__What is being asked__: Skip the images and restate every line of the records exactly.

▬▬▬▬▬▬

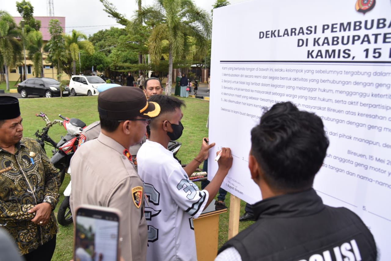Deklarasi tersebut dipimpin Kapolres Bireuen AKBP Tuschad Cipta Herdani, diwakili Wakapolres Bireuen Kompol Fauzi. Deklarasi ini juga turut dihadiri oleh Asisten I Setdakab Bireuen Mulyadi, serta pejabat dari Dinas Pendidikan, Kacabdin, kepala sekolah, dan para orang tua anggota geng motor.
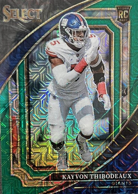 This card is 1 of 62 Kayvon Thibodeaux's card variations in the 2022 Select set being tracked by Sports Card Investor, including Premier Level, Suite Level, Premier Level Black & Green Die-Cut, Premier Level Black & Red Die-Cut, and Premier Level Disco.
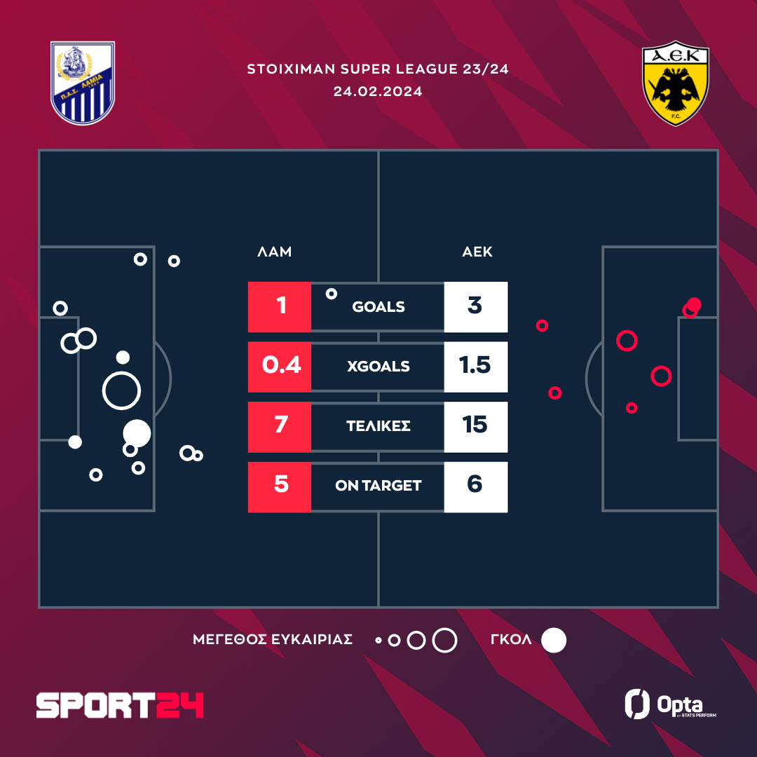 Λαμία – ΑΕΚ 1-3: Η Ένωση πέρασε με πειστική τριάρα και συνεχίζει μόνη πρώτη στην κορυφή
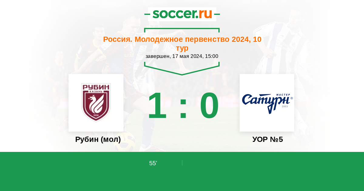 Протокол матча Рубин (мол) против УОР №5
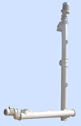 Die horizontale Zuführschnecke, die Material aus einem Silo oder Trichter austrägt oder es, nachdem sie von einem vorgeschalteten Dosierorgan beschickt wurde, zur Vertikalschnecke befördert, besteht aus einem U-Profiltrog aus Normalstahl mit einem, dem Einsatz entsprechenden Oberflächenfinish. Der Auslaufbereich besteht in jedem Fall aus einem kurzen Rohrteil, welches im rechten Winkel auf den unteren Rohrabschnitt der Vertikalschnecke geflanscht ist. An den beiden Enden der horizontalen Zuführschnecke ist jeweils ein Verbindungsflansch angeschweißt. Der Trog/Rohrtrog umschließt eine rotierende Schneckenwendel mit Wellenverbindungen an beiden Enden zu den Wellenzapfen der Endlagereinheiten. Die horizontale Zuführschnecke kann je nach ihrer Gesamtlänge mit einem oder mehreren Zwischenlagern ausgestattet sein. Des weiteren ist die Schnecke mit einem, für den jeweiligen Einsatz geeigneten Antrieb ausgerüstet.
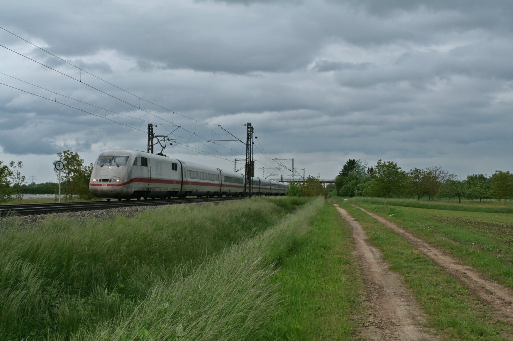 ein unbekannt gebliebener 401 als ICE 271 nach Basel SBB am 23.05.13 bei Hügelheim.
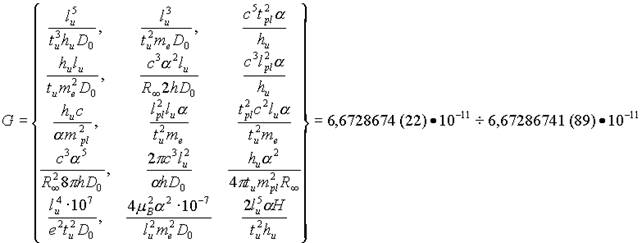 | Kosinov, 2000 | G = l pl 2 lu α/tu 2 me | 6,6728674(11)• 10-11 m3 kg-1 s-2 |
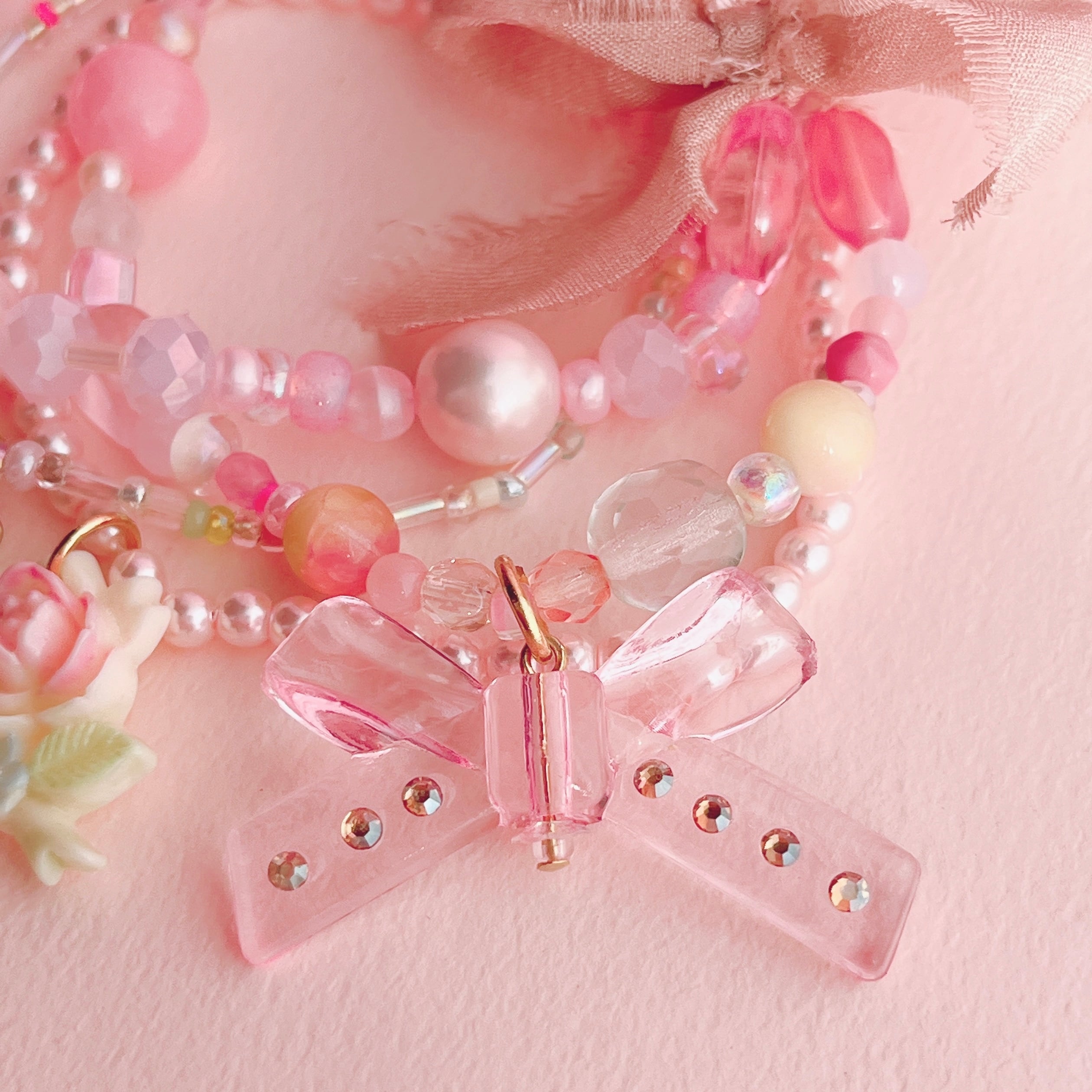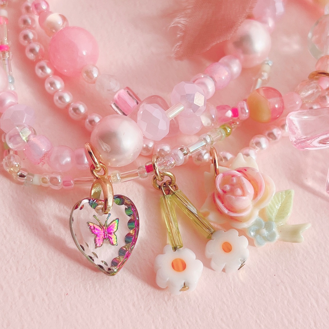 様々な素材やカラーのビーズとフラワーモチーフなどを組み合わせた、

▬▬▬▬▬▬

__Result of this task__:
Deklarasi tersebut dipimpin Kapolres Bireuen AKBP Tuschad Cipta Herdani, diwakili Wakapolres Bireuen Kompol Fauzi. Deklarasi ini juga turut dihadiri oleh Asisten I Setdakab Bireuen Mulyadi, serta pejabat dari Dinas Pendidikan, Kacabdin, kepala sekolah, dan para orang tua anggota geng motor.
 This card is 1 of 62 Kayvon Thibodeaux's card variations in the 2022 Select set being tracked by Sports Card Investor, including Premier Level, Suite Level, Premier Level Black & Green Die-Cut, Premier Level Black & Red Die-Cut, and Premier Level Disco.
 Λαμία – ΑΕΚ 1-3: Η Ένωση πέρασε με πειστική τριάρα και συνεχίζει μόνη πρώτη στην κορυφή
 Протокол матча Рубин (мол) против УОР №5
 Die horizontale Zuführschnecke, die Material aus einem Silo oder Trichter austrägt oder es, nachdem sie von einem vorgeschalteten Dosierorgan beschickt wurde, zur Vertikalschnecke befördert, besteht aus einem U-Profiltrog aus Normalstahl mit einem, dem Einsatz entsprechenden Oberflächenfinish. Der Auslaufbereich besteht in jedem Fall aus einem kurzen Rohrteil, welches im rechten Winkel auf den unteren Rohrabschnitt der Vertikalschnecke geflanscht ist. An den beiden Enden der horizontalen Zuführschnecke ist jeweils ein Verbindungsflansch angeschweißt. Der Trog/Rohrtrog umschließt eine rotierende Schneckenwendel mit Wellenverbindungen an beiden Enden zu den Wellenzapfen der Endlagereinheiten. Die horizontale Zuführschnecke kann je nach ihrer Gesamtlänge mit einem oder mehreren Zwischenlagern ausgestattet sein. Des weiteren ist die Schnecke mit einem, für den jeweiligen Einsatz geeigneten Antrieb ausgerüstet.
 ein unbekannt gebliebener 401 als ICE 271 nach Basel SBB am 23.05.13 bei Hügelheim.
 | Kosinov, 2000 | G = l pl 2 lu α/tu 2 me | 6,6728674(11)• 10-11 m3 kg-1 s-2 |
 様々な素材やカラーのビーズとフラワーモチーフなどを組み合わせた、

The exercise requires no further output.